Rama, bangun! Aku menyuruh diriku sendiri sadar akan kekosongan di kepalaku, yang semua isinya memenuhi hatiku. Jantungku berdegub kencang tak keruan. Astaga, ini yang Fadhil katakan padaku ketika ia pertama kali bertemu Caca!

Jatuh cintakah aku?

Maria memberikan ponsel milikku dan Fadhil berkata lagi, “Ram, tolongin dulu ya. Baik-baik lho..”

Baik-baik lho? Memangnya Maria akan kuapakan? Sialan Fadhil! Belum sempat kuberkata-kata, sambungan kami terputus.
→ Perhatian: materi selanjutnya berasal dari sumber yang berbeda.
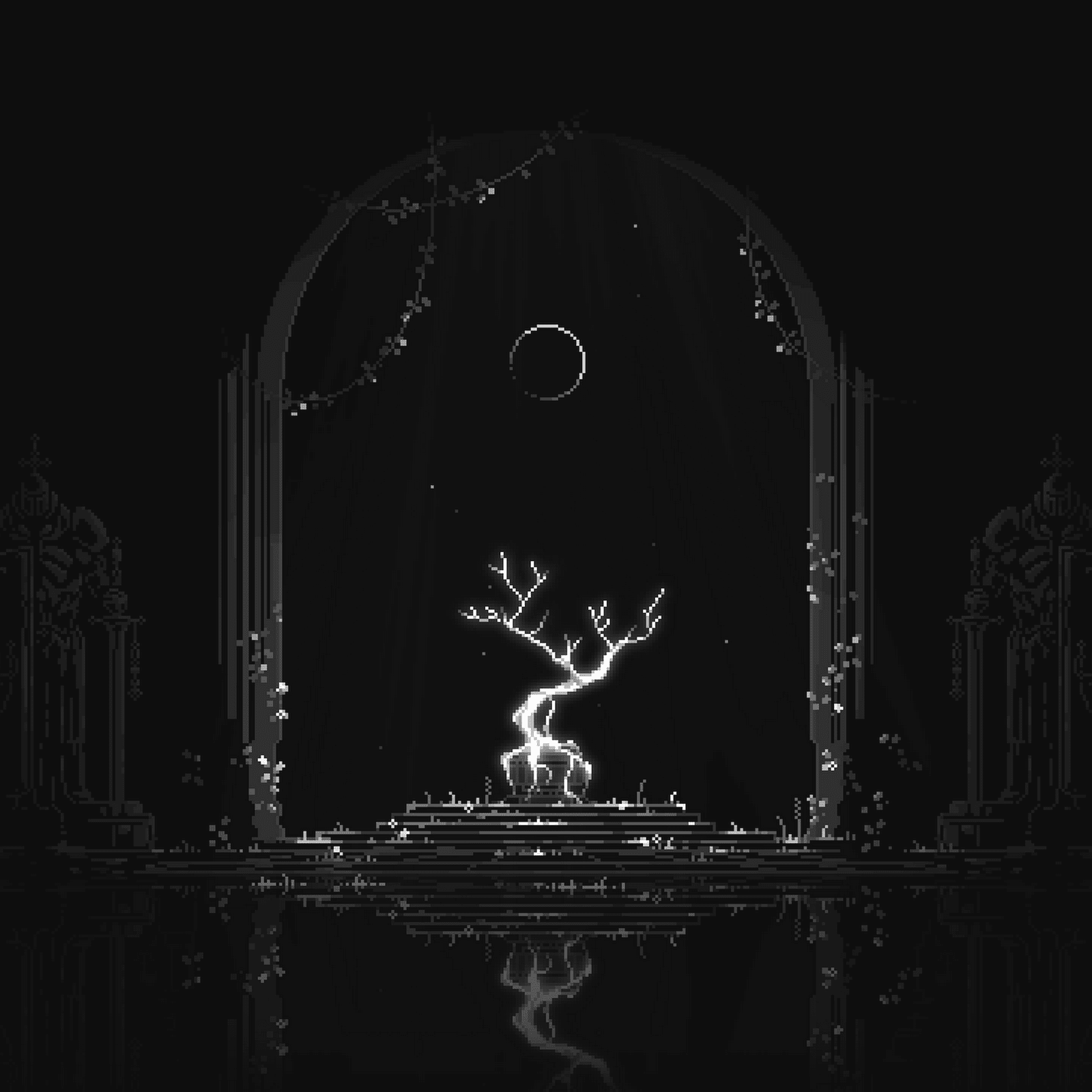 Pixelated, Monochrome, Reflection, Arch, Trees Full HD Desktop Wallpaper

Maria masih berdiri di hadapanku. Ia menggunakan pakaian terusan selutut berwarna hitam dan cardigan merah yang mengikuti lekuk tubuhnya. Ia tersenyum lagi padaku.
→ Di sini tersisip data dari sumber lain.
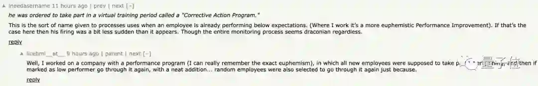 但也有网友指出,这名员工被要求参加的“Corrective Action Program”(更正行动计划)是专门给低绩效员工准备的,也就是说他平时的工作能力已经低于预期了。
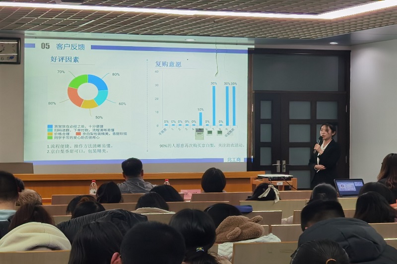 12月1日,大賽答辯會在良鄉(xiāng)校區(qū)舉行。答辯會現(xiàn)場,各小組代表依次登臺,多元化展示了本小組在大賽各個階段的表現(xiàn)和成果,專業(yè)評審老師根據(jù)各組展示情況進行了有針對性的提問。綜合答辯會現(xiàn)場師生評委的打分情況,與之前策劃方案賽、銷售賽分數(shù)進行加總,最終“賣梨的小姑娘”組獲得本次營銷策劃大賽一等獎。“白梨年華”、“七梨”兩個小組獲得二等獎,“梨中梨”“我們不分梨”“保二爭一”三個小組獲得三等獎。
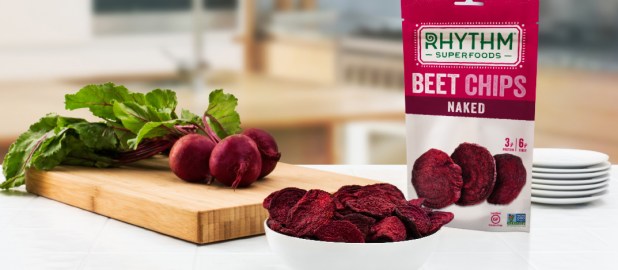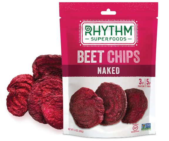 At Rhythm Superfoods, beets are gently dehydrated and then roasted raw or with a touch of sunflower oil to make a crunchy, delicious chip that naturally contains a lot of fiber, potassium, and other nutrients.
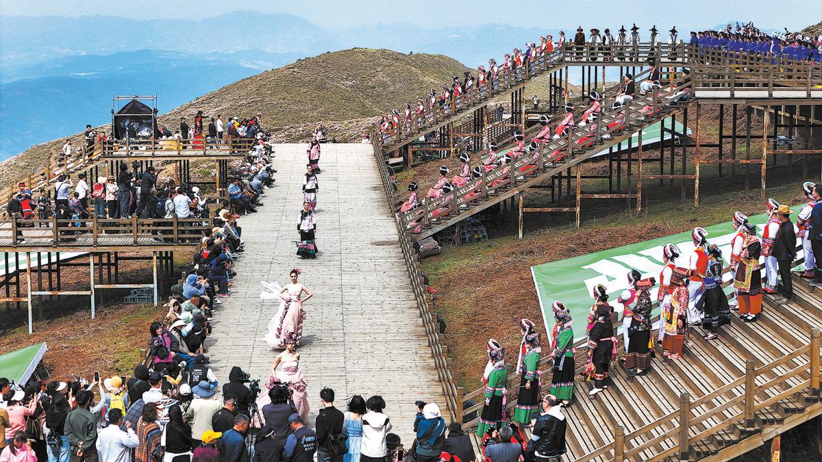 A fashion show is staged at Wumeng grassland scenic area in Guizhou province to promote local tourism on April 20. QIAO QIMING/FOR CHINA DAILY

Aku berdiri dan mempersilahkannya duduk. Satu-dua detik canggung sebelum dengan bersama-sama kami berdua berkata, “kamu …”

Kami sama-sama tersipu. “Maria duluan.” Aku mempersilahkannya bicara dahulu.

Maria menaruh tas hitam di pangkuannya dan berkata, “kamu Rama kan?”

“Iya, aku Rama. Maaf tadi aku.. Entahlah.. Sorry, sorry tadi engga jawab pertanyaanmu waktu kita ketemu,” kataku, salah tingkah.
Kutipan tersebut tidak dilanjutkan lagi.